Han D S, Hahm B, Rho H M, Jang S K
Department of Life Science, Pohang University of Science and Technology, Kyungbuk, Korea.
J Gen Virol. 1995 Apr;76 ( Pt 4):985-93. doi: 10.1099/0022-1317-76-4-985.
NS3 of hepatitis C virus (HCV) is a serine protease that carries out the proteolytic processing of the nonstructural proteins of the HCV polyprotein. Deletion analysis of the N terminus of NS2,3,4 fusion protein revealed that the N-terminal boundary of the active protease resides between amino acids 1050 and 1083. The processing patterns of internal deletion mutants of NS2,3,4 indicated that the C terminus of the enzymically active protease resides between amino acids 1115 and 1218. The N- and C-terminal boundaries of the protease were also confirmed by determining the trans-cleavage activity of internally deleted NS3,4. NS3 protease activity was inhibited by Cu2+ but was slightly enhanced by Zn2+. This report provides a possible approach for development of antiviral agents based on protease inhibitors.
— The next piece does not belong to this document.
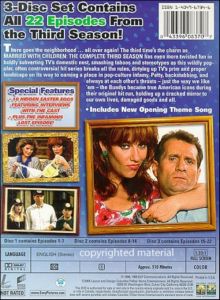 There goes the neighborhood...all over again! Third time's a charm as Married With Children the complete third season has even more twisted fun in boldly subverting TV's domestic nest, smashing taboos and stereotypes as this wildly popular, often controversial hit series broke all the rules, dirtying up TV's prim and proper landscape on its way to earning a place in pop-culture infamy. Petty, backstabbing, and always at each other's throats - just the way we like 'em - the Bundys became true American icons during their original hit run, holding up a cracked mirror to our own lives, damaged goods and all. |

丙型肝炎病毒(HCV)的NS3是一种丝氨酸蛋白酶,负责对HCV多聚蛋白的非结构蛋白进行蛋白水解加工。对NS2、3、4融合蛋白N端的缺失分析表明,活性蛋白酶的N端边界位于氨基酸1050和1083之间。NS2、3、4内部缺失突变体的加工模式表明,酶活性蛋白酶的C端边界位于氨基酸1115和1218之间。通过测定内部缺失的NS3、4的反式切割活性,也证实了蛋白酶的N端和C端边界。NS3蛋白酶活性受到Cu2+的抑制,但受到Zn2+的轻微增强。本报告为基于蛋白酶抑制剂的抗病毒药物开发提供了一种可能的方法。